OCO-2 provides the global coverage, spatial resolution, and accuracy needed to characterize and monitor the geographic distribution of CO₂ sources and sinks and quantify their variability.
Natural source and sinks: The original science objectives of the OCO-2 mission were to collect the space-based measurements needed to quantify variations in the column averaged atmospheric carbon dioxide dry air mole fraction, XCO₂, with the precision, resolution, and coverage needed to improve our understanding of surface CO₂ sources and sinks (fluxes) on regional scales (≥1000km) and the processes controlling their variability over the seasonal cycle.
The OCO-2 mission has not only met but exceeded its original objectives, advancing our understanding of Earth’s carbon cycle across timescales from seasonal and interannual to decadal, and across spatial scales from urban and point sources to regional and global domains.
Monitoring ecosystem health with SIF: OCO-2 SIF measurements are being used to quantify and monitor plant productivity and ecosystem health from farmlands to tropical forests, showing great potential in predictions of drought, fires, and crop yield.
Benchmark upcoming satellite missions: The OCO-2 continues to serve as a pathfinder mission that demonstrates a space-based measurement approach and analysis concept that is being used to inform and benchmark the next generation of systematic CO₂ monitoring missions.
CO₂ is essential for life on Earth and plays a fundamental role in maintaining the atmosphere that protects our planet. At the same time, it is a major greenhouse gas, trapping heat that would otherwise escape to space and helping regulate Earth’s temperature.
Because of this dual role, changes in CO₂ concentration can disrupt the planet’s delicate radiative balance. In particular, rising atmospheric CO₂ levels are driving significant changes in the global climate, with far-reaching environmental consequences.
The Earth system maintains a natural balance of CO₂ through the carbon cycle, governed by sources and sinks. Sources are processes that release CO₂ into the atmosphere, including plant and animal decay, deforestation, respiration, and the burning of fossil fuels such as coal, oil, and gas. Sinks, on the other hand, remove CO₂ from the atmosphere—most notably through photosynthesis in vegetation and uptake by the oceans.
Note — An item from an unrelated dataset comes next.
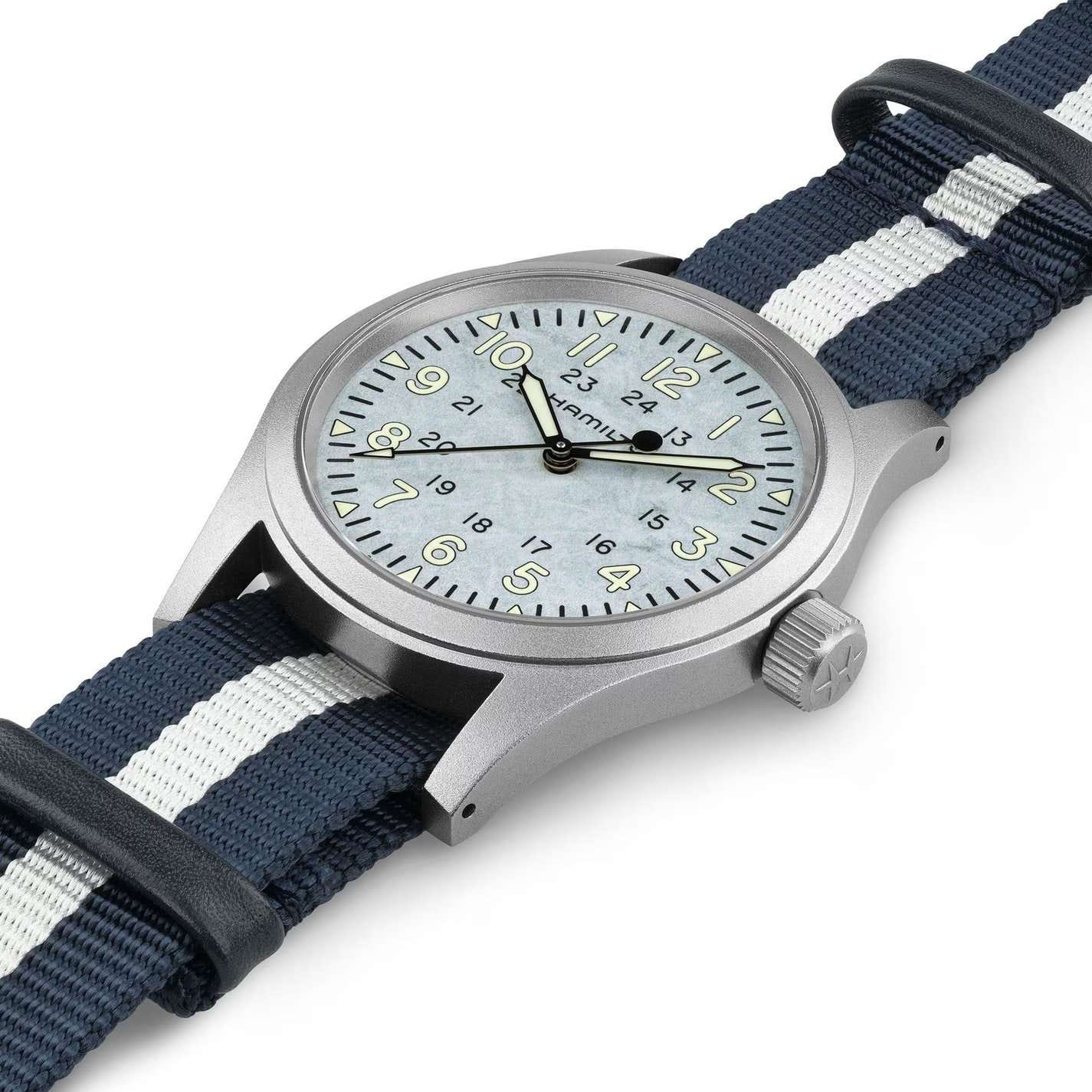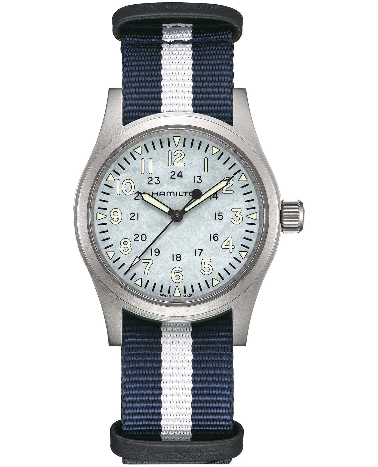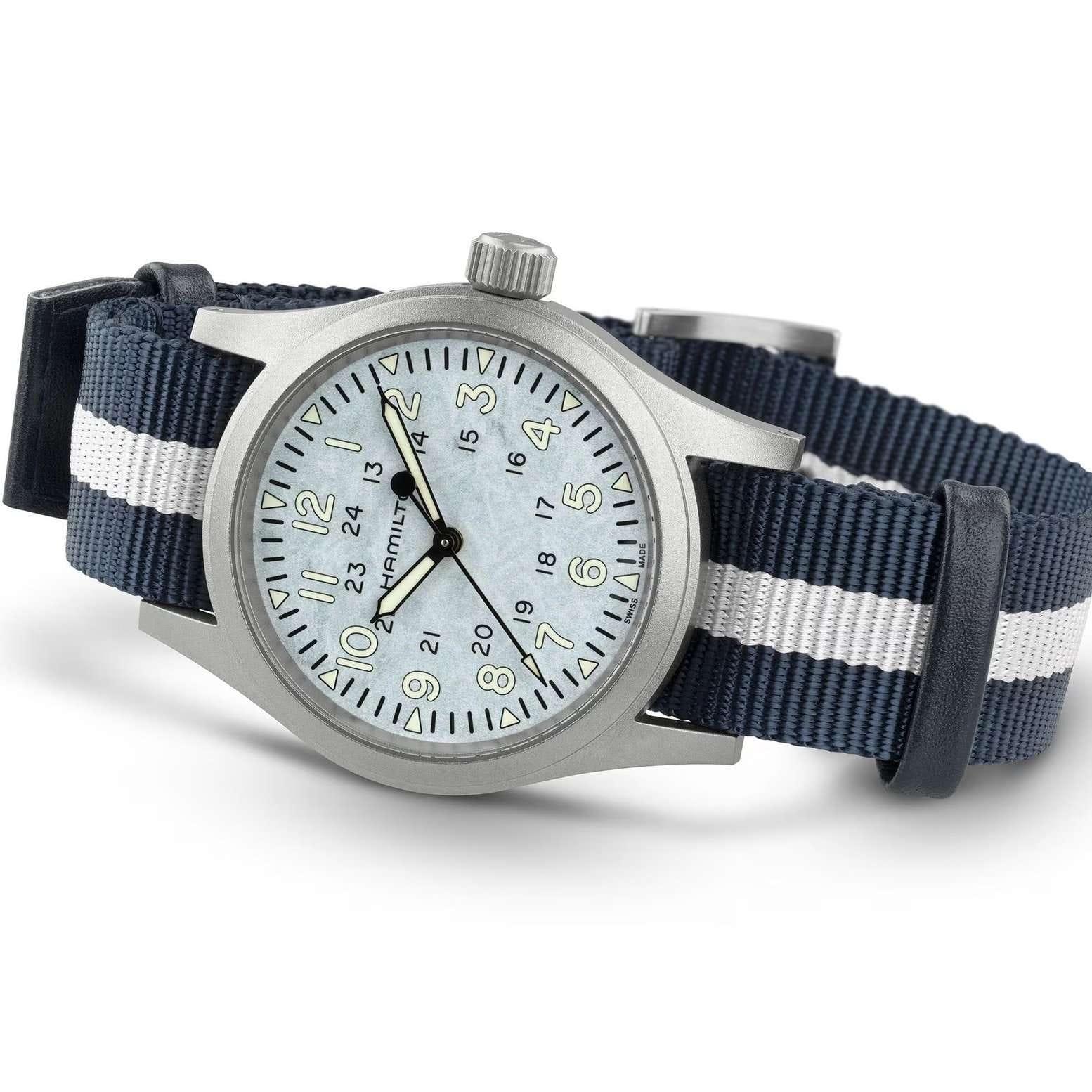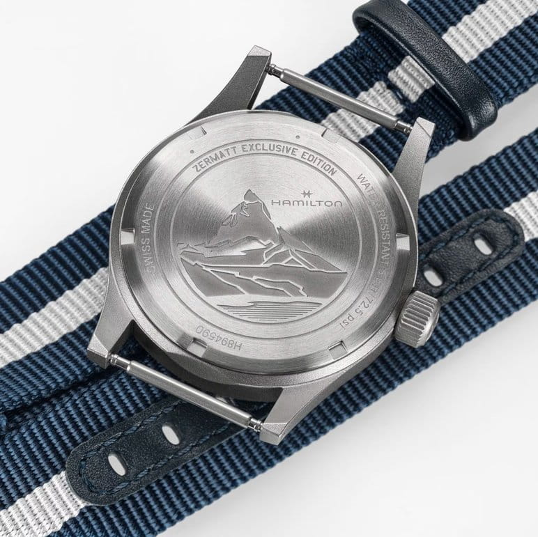 Мужские швейцарские часы Hamilton Khaki Field Mechanical Exclusive Edition H89459940 - механический механизм (автоматический калибр) с высокой точностью. Циферблат дополнен сине-белым полосатым ремешком, который символизирует цвета снега в тени и на солнце. Завершает образ этой эксклюзивной серии задняя крышка корпуса, украшенная искусной гравировкой силуэта Маттерхорна. Сапфировое стеклоСапфировое стеклоПрочный и надёжный материал из кристалла сапфира синтетического происхождения, характеризующийся особой твёрдостью и устойчивостью к царапинам и повреждениям. устойчивое к появлению царапин, обладающее высокой прозрачностью. Класс водозащиты: 50 метров позволит защитить корпус от случайных брызг или капель дождя. Корпус часов изготовлен из нержавеющей стали, диаметром 38 мм и толщиной 9.5 мм. Текстильный ремешок NATOРемешок NATOРемешок NATO — это прочный, универсальный и сменный часовой ремешок, изначально созданный для военных. Он изготовлен из нейлона или другого прочного материала и имеет уникальную конструкцию, которая позволяет часам оставаться на запястье даже в случае поломки одной из прикрепляющих точек. на стандартной застежке обеспечивает комфортное ношение на запястье. Стрелки и метки с люминесцентным покрытиемЛюминесцентное покрытиеПозволяет считывать показания времени в темноте. Производители наносят на стрелки, часовые индексы, безель или поверхность циферблата светонакопительный состав, дающий холодное свечение. Super-LumiNova® обеспечивает отличную видимость в темноте. Часы Khaki Field Mechanical – это точная копия своего оригинального предшественника 1960-х годов и верны военному наследию Hamilton, обладая механическим калибром и запасом хода до 80 часов. Откройте для себя нашу коллекцию Khaki Field.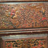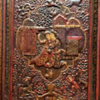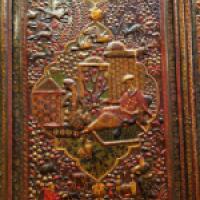 Paire de ventaux en bois laqué en relief dans le style Safavide, à riche décors de personnages et d'animaux dans des réserves. Inscriptions en Farsi.

However, the strength, variability, and geographic distribution of these sinks—especially those that absorb roughly half of human-produced CO₂—remain poorly constrained. This raises critical questions: Will the efficiency of natural sinks decline in the future, accelerating the buildup of atmospheric CO₂? By how much? And can these sinks be managed or enhanced to help mitigate climate change? Improving our understanding of where and how these sinks operate is essential for predicting future CO₂ levels and their impacts on climate.
Because SIF is directly linked to photosynthetic activity, it provides a near-real-time indicator of how actively plants are growing and taking up CO₂. This makes it especially valuable for tracking seasonal growth cycles, detecting stress from drought or heat before visible changes occur, and assessing the overall productivity of ecosystems. By observing SIF across different regions and time periods, scientists can better understand how vegetation responds to environmental changes and how these responses influence the global carbon cycle.